Bandits have been active in the border areas of Sindh and Punjab provinces for decades.
The military launched a full-scale operation against them in Sindh in the early 1990s but they resurfaced after successive governments failed to maintain law and order in the province.
The kidnapping, and further fighting between insurgents and the military in the northwest of the country, underscored the range of security problems facing Prime Minister Nawaz Sharif.
Pakistan, a nuclear-armed nation of 180 million, is beset by a Taleban insurgency in the northwest and a separatist insurgency in the west. Murders, kidnappings and extortion by criminal gangs are common. Sectarian violence is growing.
Sunday’s attack, by gunmen from different gangs, targeted a police checkpoint in Obaro, inside Punjab but at the intersection of three provinces, said District Police Officer Sohail Chatha.
“We have launched a rescue operation,” he said.
A statement from Sharif’s office said he took “serious notice” of the kidnapping.

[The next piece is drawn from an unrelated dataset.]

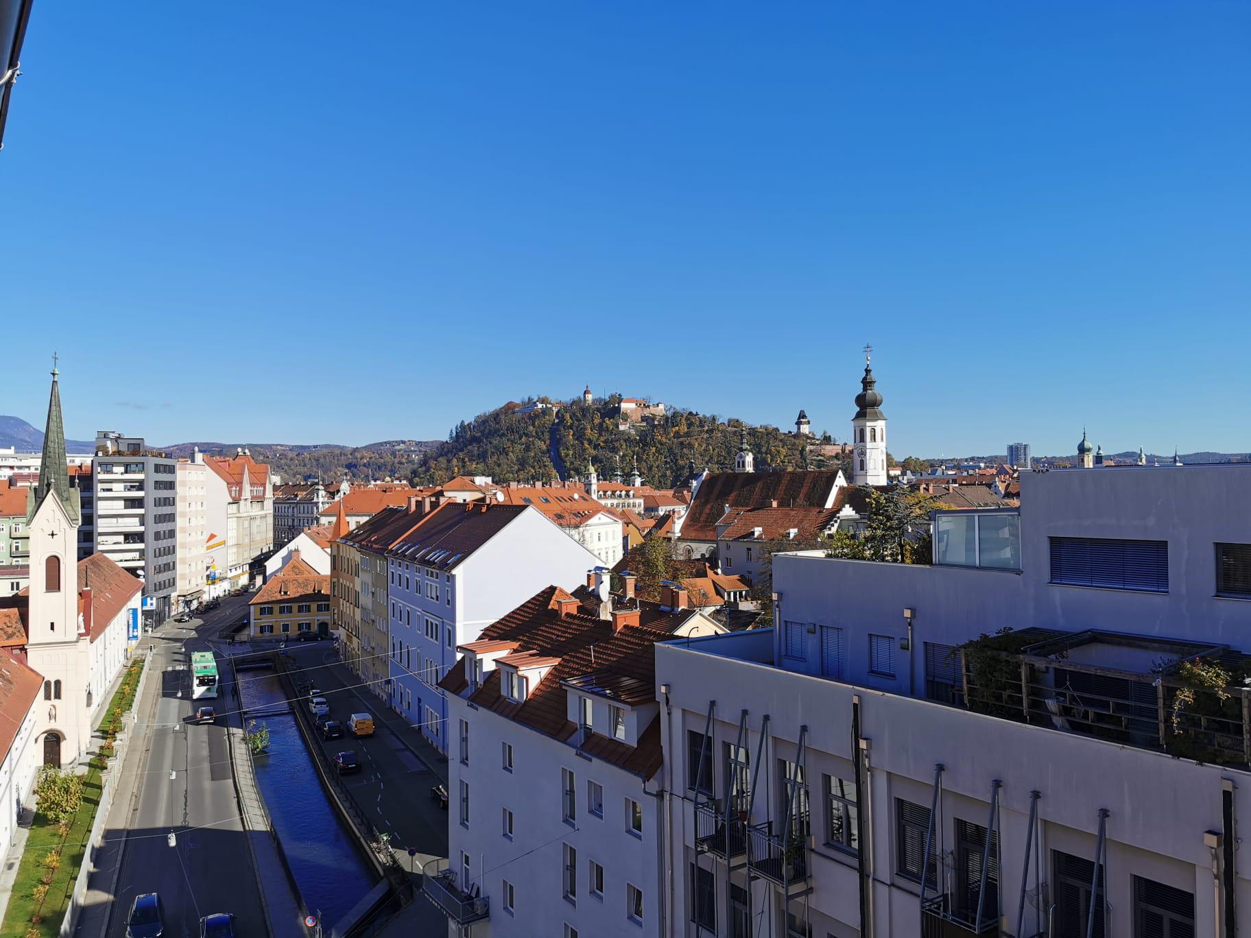 Mit Blick über Graz und auf den Uhrturm und wenige Gehminuten von öffentlichen Verkehrsmitteln und Einkaufsmöglichkeiten entfernt ist die Wohnung in Bezug auf Mobilität unschlagbar.

Police are poorly trained, paid and equipped. Rather than instituting reforms, Sharif’s government has handed much of the responsibility for security to the powerful military, which has a history of mounting coups and is frequently accused of extrajudicial killings.
In separate developments, the military said air strikes killed 44 insurgents on Saturday in Khyber and North Waziristan, two remote, mountainous northwestern areas bordering Afghanistan.
The military said five soldiers and 27 militants were killed in fighting in Khyber on Thursday. Access to the areas is restricted and it is difficult to independently verify casualty figures.